Computational and statistical methods are increasingly central to biomedical research as high-throughput genomic assays produce ever-larger datasets. Our research involves analytical methods that enable us to elucidate the genetic and epigenetic basis of cancer and other diseases from genomic datasets. Towards this end we design preprocessing methods that are required to transform raw data from high-throughput genomic assays into reliable measures of the underlying biological process. We also develop statistical methods for integrative analysis of multiple genomic and epigenomic data types.
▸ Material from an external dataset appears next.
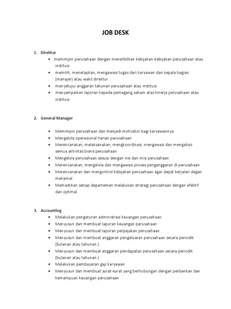 Isi dari rekaman tertulis tersebut adalah seputar tanggung jawab dari pekerjaan tertentu. Waktu masuk = 08.00 wib ( membersihkan toko, membersihkan / mencuci alat, dsb) waktu buka = 10.00 wib 18.00 wib peminjaman : Pengertian job deskripsi (job desc) adalah suatu bagian atau catatan yang menjelaskan dan menggambarkan secara umum mengenai pekerjaan yang akan dilakukan oleh karyawan.fungsi job description adalah untuk menjelaskan bagaimana tanggung jawab, tugas, dan wewenang yang akan karyawan pegang pada sebuah jabatan atau posisi secara garis besar. Titus hervi arianto a g n e s o k ta m a l a m i c k y f r a n j aya job analysis atau analisi jabatan menurut mathis dan jakson analisis jabatan merupakan cara sistematik untuk mengumpulkan dan menganalisis informasi tentang isi dan personal yang dipersyaratkan dalam jabatan, dan dalam hubungannya dengan prestasi jabatan manfaat job. Dengan memberikan informasi mengenai job desk ke karyawan, mereka akan berkontribusi secara maksimal untuk perusahaan.

We have applied these preprocessing and integrative analysis methods towards mapping and understanding disease-associated epigenetic dysregulation. Epigenetic mechanisms involve chemical and physical changes to the structure of DNA without changes in the underlying sequence. Epigenetics allows for fine-tuned control of gene expression and is the basic mechanism whereby a single human genome can give rise to over 200 different cell types in the adult organism. Our computational tools for mapping epigenomic landscapes have recently been applied in collaborative projects in cancer, stem cell biology and development. For example, we demonstrated evidence of incomplete epigenetic reprogramming when transforming adult differentiated cells into pluripotent stem cells, highlighting a significant hurdle for regenerative medicine. We also have interests in epidemiology where we are developing DNA methylation mapping methods to lay the foundations for epigenome-wide association studies in common disease. This involves a central challenge of epigenomics: deciphering causal relationships between disease and genetic and epigenetic factors.